▶ _Study material_

□ □ □ □

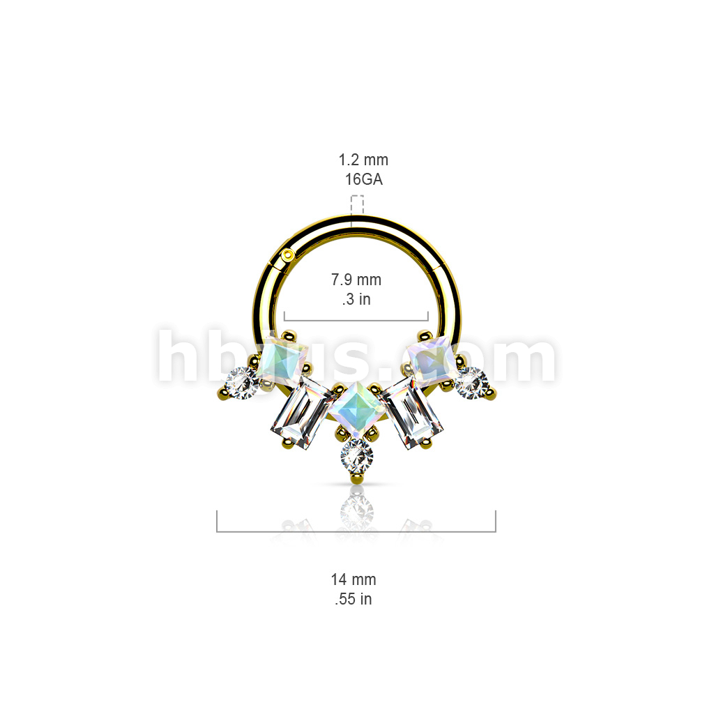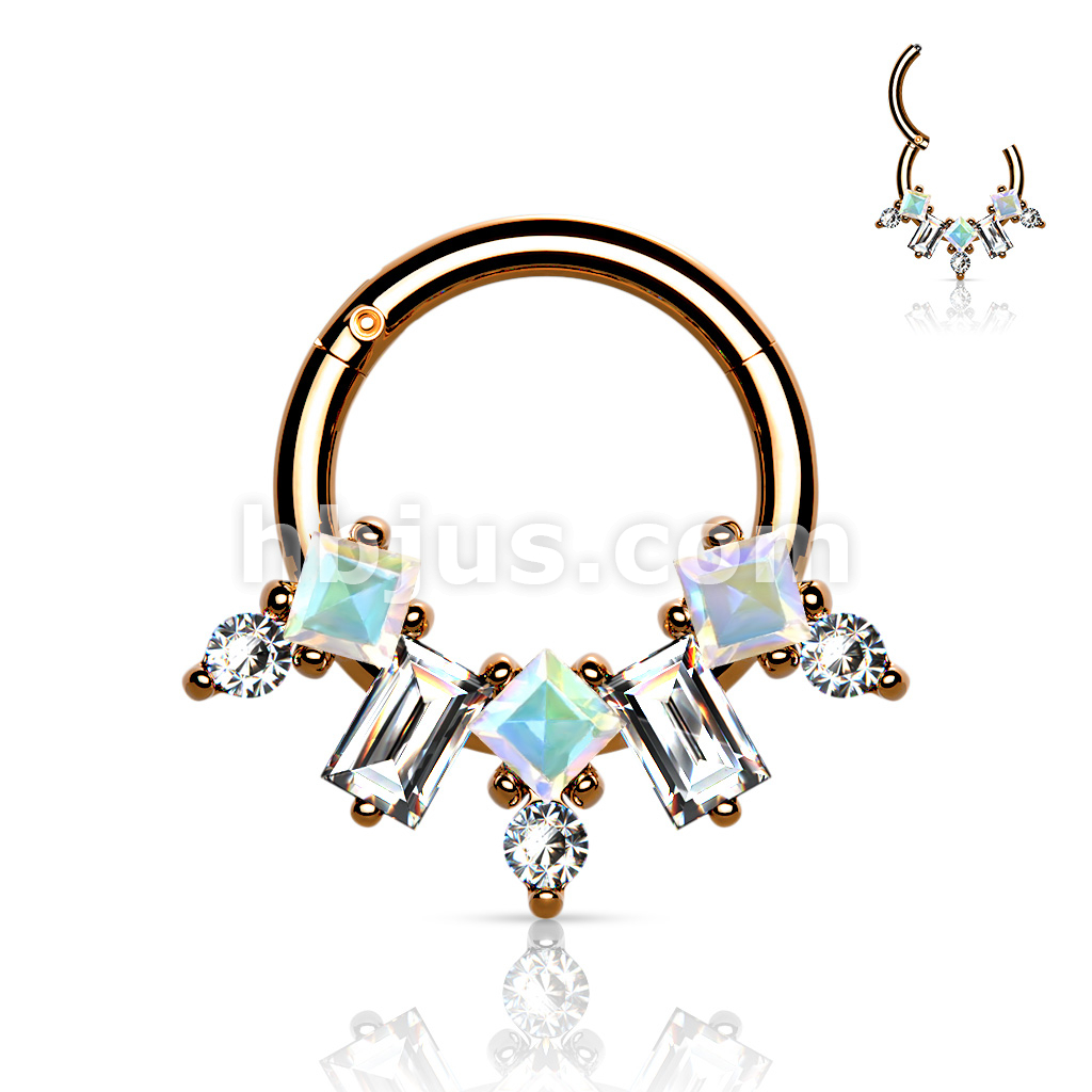 Multi CZ Fan 316L Surgical Steel Hinge Hoop Segment Rings
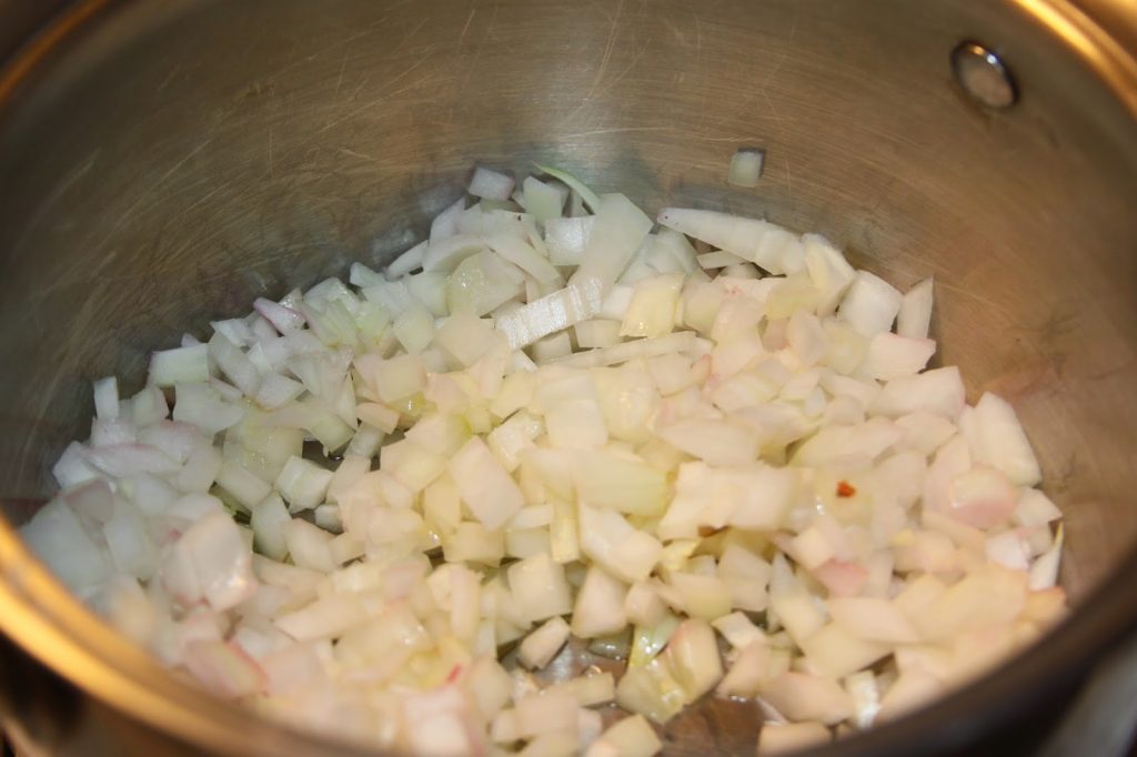 Add olive oil and diced onions to a pot over medium heat. Cook until softened.
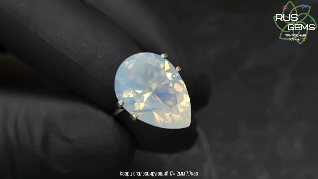 Кварц с эффектом опалесценции. Эффект вызван взвесью мелких частиц, рассеивающих свет и создающих опаловидное сияние внутри камня. Природный опалесцирующий кварц. Месторождение Бразилия. Груша 17х12 мм, 7.7кар.
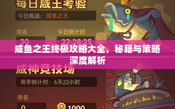 《咸鱼之王》这款游戏以其独特的玩法和丰富的游戏内容吸引了众多玩家,本文将为大家带来咸鱼之王的最新终极攻略,帮助玩家更好地掌握游戏技巧,提升战斗力,成为真正的咸鱼之王。
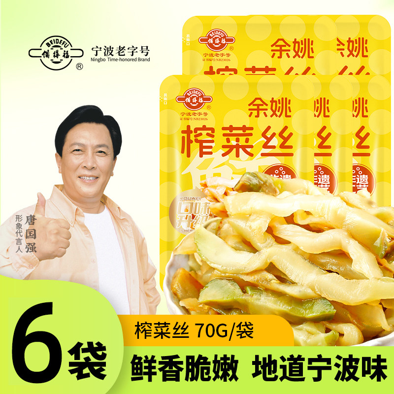 -> 备得福余姚榨菜丝70g*6包鲜香爽口下饭菜 微咸佐餐配粥即食
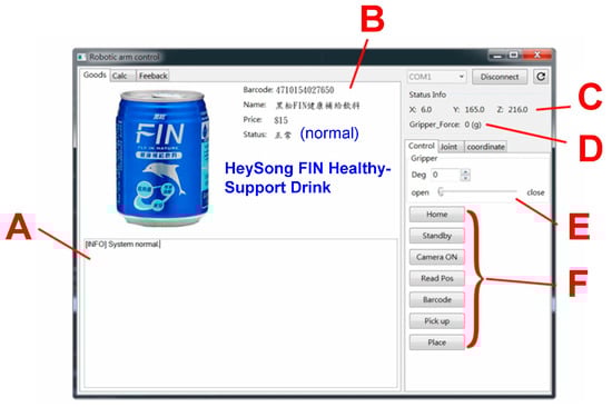 The graphics user interface (GUI) of the APP that enables the robot arm to perform computer vision bar code identification and goods inventory is shown in Figure 12. As mentioned earlier, the web camera captures the barcode image and uses the data to find the corresponding information about the object to determine if it was correctly placed. If the placement was wrong, the robot would pick up and remove the object. Please note, thus far, the position of object was pre-determined by the user because of no distance sensor was used here. This could be further implemented in the future. Finally, the overall GUI system was integrated into an embedded computer (Raspberry Pi) with a 10-inch touch screen as shown in Figure 13. Intuitive control of the robotic arm could be achieved by simply touching the command buttons.
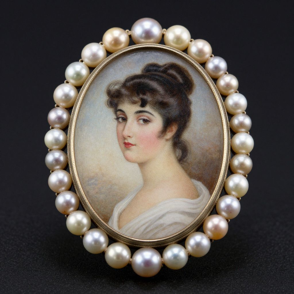 Photograph of a vintage portrait brooch featuring a painted woman with dark hair in an updo, wearing white, surrounded by large pearls against a black
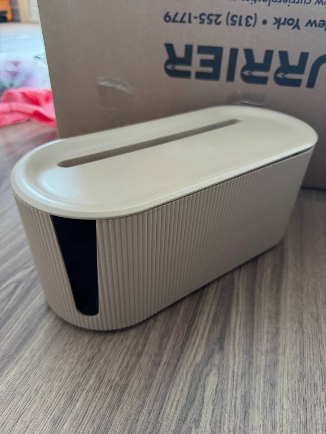81Selling a cable management box in a neutral beige colour. It's in great shape and ready to help you organize those messy cords!
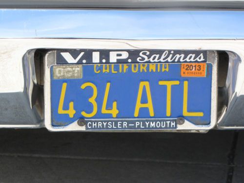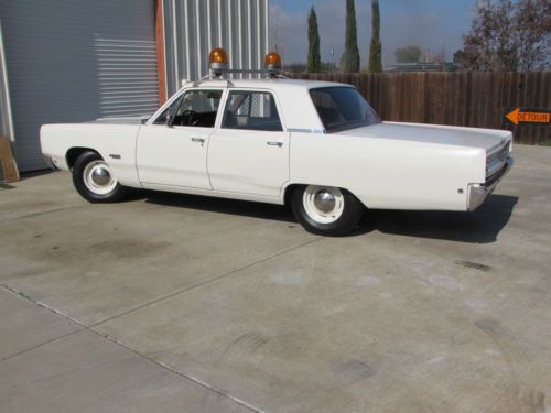 P- Fury K-Police 41- Sedan F-318-2bbl 8-1968 D-Belvidere plant 212316 consecutive number I don't know which department this car served, it was produced in white but shows signs of green paint (green and white was a popular police paint scheme at the time). Being that the car is equipped with a 318 the car likely served with a local P.D. The blue license plates with "A" series letters were issued in 1970 so that is likely when the car was retired from service and stayed in the area ever since, it still wears original license plate frames. Police package 1968 Furys were available with engines ranging from the slant 6 up to a 440 V8. This car still has it's original certified police speedometer, 4 original police only rims and hubcaps, rubber floormat and build sheet.The visibar light bar is vintage correct and is equipped with amber lenses to keep ebay happy, these could be easily changed to any color by the buyer. Don't be confused by the "tribute", "clone" or whatever other term is used by other cars on ebay painted to resemble a police car, this is the real thing. When I got the car I drove it on the freeway about 50 miles with no problems, I haven't driven it any distance since but it starts right up and sounds great. The body looks good, the paint has a few chips. The paint is a decent job, it's not concours but is comparable to most cars at vintage police car shows. The front bumper could use rechroming, the back is OK but not new. The dash has no cracks and the seats and door panels look good, the headliner and windlace could be replaced but are not hanging down. Vintage police cars are always a hit at car shows and parades, drawing more attention than cars costing much more. This Fury is ready to be finished to represent any department you choose. As with any old car it is not perfect, it is being offered with no reserve. Zero feedback buyers must provide their contact information prior to bidding or your bid will be cancelled. Any questions should be asked and inspections done prior to the end of the auction, you are bidding to buy the car, not the right to inspect it after the fact.There is a clear title on the car, the registration expired in October 2013. There will be a small penalty at DMV for California buyers, no penalties for anyone else. The buyer agrees to pay a $500.00 non refundable deposit within 24 hours of the auction end, the balance is due within 7 days of the auction end. Paypal is OK for the deposit, paypal will not be accepted for the balance. The balance must be paid in the form of a bank wire transfer, cashier's check or cash if in person. |

□ □ □ □

▶ _About this exercise_
Reproduce the entire listing exactly, but omit any pictures.

▶ _Output below_
 Multi CZ Fan 316L Surgical Steel Hinge Hoop Segment Rings
 Add olive oil and diced onions to a pot over medium heat. Cook until softened.
 Кварц с эффектом опалесценции. Эффект вызван взвесью мелких частиц, рассеивающих свет и создающих опаловидное сияние внутри камня. Природный опалесцирующий кварц. Месторождение Бразилия. Груша 17х12 мм, 7.7кар.
 《咸鱼之王》这款游戏以其独特的玩法和丰富的游戏内容吸引了众多玩家,本文将为大家带来咸鱼之王的最新终极攻略,帮助玩家更好地掌握游戏技巧,提升战斗力,成为真正的咸鱼之王。
 -> 备得福余姚榨菜丝70g*6包鲜香爽口下饭菜 微咸佐餐配粥即食
 The graphics user interface (GUI) of the APP that enables the robot arm to perform computer vision bar code identification and goods inventory is shown in Figure 12. As mentioned earlier, the web camera captures the barcode image and uses the data to find the corresponding information about the object to determine if it was correctly placed. If the placement was wrong, the robot would pick up and remove the object. Please note, thus far, the position of object was pre-determined by the user because of no distance sensor was used here. This could be further implemented in the future. Finally, the overall GUI system was integrated into an embedded computer (Raspberry Pi) with a 10-inch touch screen as shown in Figure 13. Intuitive control of the robotic arm could be achieved by simply touching the command buttons.
 Photograph of a vintage portrait brooch featuring a painted woman with dark hair in an updo, wearing white, surrounded by large pearls against a black
81Selling a cable management box in a neutral beige colour. It's in great shape and ready to help you organize those messy cords!
 P- Fury K-Police 41- Sedan F-318-2bbl 8-1968 D-Belvidere plant 212316 consecutive number I don't know which department this car served, it was produced in white but shows signs of green paint (green and white was a popular police paint scheme at the time). Being that the car is equipped with a 318 the car likely served with a local P.D. The blue license plates with "A" series letters were issued in 1970 so that is likely when the car was retired from service and stayed in the area ever since, it still wears original license plate frames. Police package 1968 Furys were available with engines ranging from the slant 6 up to a 440 V8. This car still has it's original certified police speedometer, 4 original police only rims and hubcaps, rubber floormat and build sheet.The visibar light bar is vintage correct and is equipped with amber lenses to keep ebay happy, these could be easily changed to any color by the buyer. Don't be confused by the "tribute", "clone" or whatever other term is used by other cars on ebay painted to resemble a police car, this is the real thing. When I got the car I drove it on the freeway about 50 miles with no problems, I haven't driven it any distance since but it starts right up and sounds great. The body looks good, the paint has a few chips. The paint is a decent job, it's not concours but is comparable to most cars at vintage police car shows. The front bumper could use rechroming, the back is OK but not new. The dash has no cracks and the seats and door panels look good, the headliner and windlace could be replaced but are not hanging down. Vintage police cars are always a hit at car shows and parades, drawing more attention than cars costing much more. This Fury is ready to be finished to represent any department you choose. As with any old car it is not perfect, it is being offered with no reserve. Zero feedback buyers must provide their contact information prior to bidding or your bid will be cancelled. Any questions should be asked and inspections done prior to the end of the auction, you are bidding to buy the car, not the right to inspect it after the fact.There is a clear title on the car, the registration expired in October 2013. There will be a small penalty at DMV for California buyers, no penalties for anyone else. The buyer agrees to pay a $500.00 non refundable deposit within 24 hours of the auction end, the balance is due within 7 days of the auction end. Paypal is OK for the deposit, paypal will not be accepted for the balance. The balance must be paid in the form of a bank wire transfer, cashier's check or cash if in person. |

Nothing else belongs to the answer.